Data to use -
>>>>
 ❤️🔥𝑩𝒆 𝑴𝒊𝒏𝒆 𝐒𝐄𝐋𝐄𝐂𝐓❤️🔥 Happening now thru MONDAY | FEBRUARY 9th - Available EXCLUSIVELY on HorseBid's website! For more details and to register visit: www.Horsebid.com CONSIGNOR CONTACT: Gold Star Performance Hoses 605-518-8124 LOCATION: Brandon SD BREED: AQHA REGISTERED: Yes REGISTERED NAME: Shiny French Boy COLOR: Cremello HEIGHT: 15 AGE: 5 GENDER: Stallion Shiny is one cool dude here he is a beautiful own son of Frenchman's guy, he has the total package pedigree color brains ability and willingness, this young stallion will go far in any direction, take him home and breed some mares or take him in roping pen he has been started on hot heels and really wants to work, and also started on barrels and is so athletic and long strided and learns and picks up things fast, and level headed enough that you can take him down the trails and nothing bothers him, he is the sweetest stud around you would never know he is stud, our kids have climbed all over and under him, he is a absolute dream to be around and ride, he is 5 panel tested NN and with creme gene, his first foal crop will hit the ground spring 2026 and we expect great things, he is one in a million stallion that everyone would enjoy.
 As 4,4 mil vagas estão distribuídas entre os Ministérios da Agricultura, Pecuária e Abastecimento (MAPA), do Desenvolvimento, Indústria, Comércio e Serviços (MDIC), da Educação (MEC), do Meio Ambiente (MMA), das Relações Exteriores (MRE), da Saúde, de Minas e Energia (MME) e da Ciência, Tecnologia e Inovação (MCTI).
<<<<
>>>>
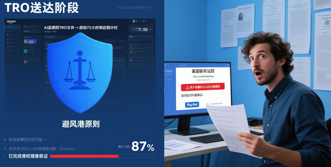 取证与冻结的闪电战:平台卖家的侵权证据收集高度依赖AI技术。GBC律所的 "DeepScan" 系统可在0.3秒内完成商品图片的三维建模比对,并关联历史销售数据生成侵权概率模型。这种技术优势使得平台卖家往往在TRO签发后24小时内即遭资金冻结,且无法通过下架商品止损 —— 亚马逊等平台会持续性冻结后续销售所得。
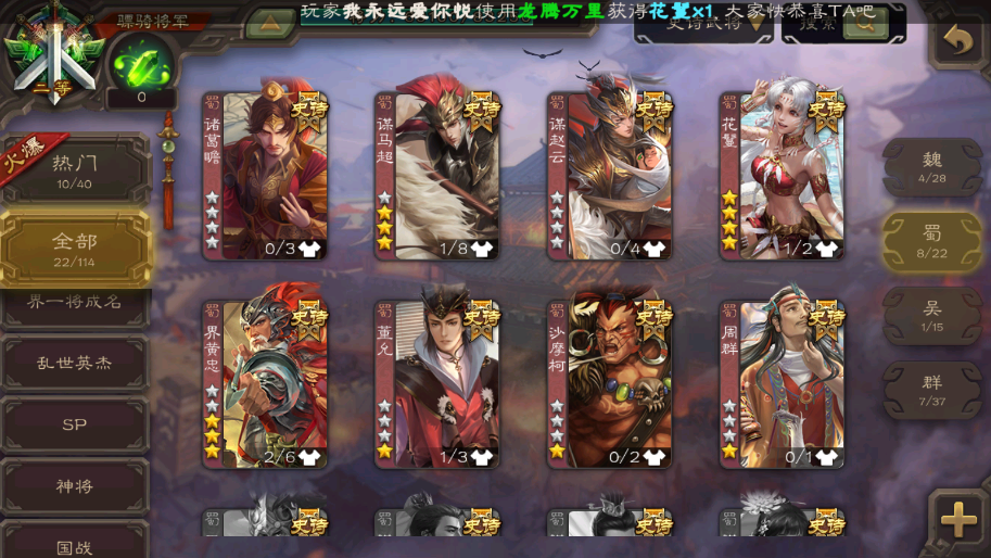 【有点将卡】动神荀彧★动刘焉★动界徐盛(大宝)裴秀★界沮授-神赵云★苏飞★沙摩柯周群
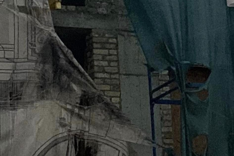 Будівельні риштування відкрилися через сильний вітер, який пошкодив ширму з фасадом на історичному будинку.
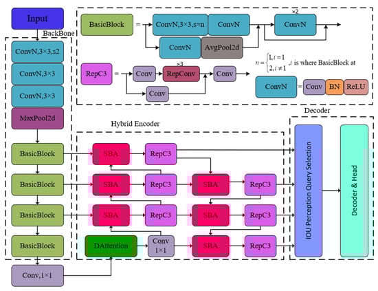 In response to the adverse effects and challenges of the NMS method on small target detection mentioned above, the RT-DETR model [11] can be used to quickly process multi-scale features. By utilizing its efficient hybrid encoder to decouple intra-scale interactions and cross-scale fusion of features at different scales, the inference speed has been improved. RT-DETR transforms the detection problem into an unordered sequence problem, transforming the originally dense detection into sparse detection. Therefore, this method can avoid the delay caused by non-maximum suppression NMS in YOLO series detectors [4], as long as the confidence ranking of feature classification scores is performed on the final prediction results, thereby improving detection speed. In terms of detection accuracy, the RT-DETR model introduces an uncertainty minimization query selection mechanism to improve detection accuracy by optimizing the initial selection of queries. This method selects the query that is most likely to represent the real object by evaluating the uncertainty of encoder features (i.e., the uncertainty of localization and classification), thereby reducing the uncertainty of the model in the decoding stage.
<<<<
What is needed -
Exactly the lines above from the one that contains "Будівельні риштування відкрилися" down to the one that contains "In response to" are to be output, both ends kept and pictures omitted.

Answer -
 Будівельні риштування відкрилися через сильний вітер, який пошкодив ширму з фасадом на історичному будинку.
 In response to the adverse effects and challenges of the NMS method on small target detection mentioned above, the RT-DETR model [11] can be used to quickly process multi-scale features. By utilizing its efficient hybrid encoder to decouple intra-scale interactions and cross-scale fusion of features at different scales, the inference speed has been improved. RT-DETR transforms the detection problem into an unordered sequence problem, transforming the originally dense detection into sparse detection. Therefore, this method can avoid the delay caused by non-maximum suppression NMS in YOLO series detectors [4], as long as the confidence ranking of feature classification scores is performed on the final prediction results, thereby improving detection speed. In terms of detection accuracy, the RT-DETR model introduces an uncertainty minimization query selection mechanism to improve detection accuracy by optimizing the initial selection of queries. This method selects the query that is most likely to represent the real object by evaluating the uncertainty of encoder features (i.e., the uncertainty of localization and classification), thereby reducing the uncertainty of the model in the decoding stage.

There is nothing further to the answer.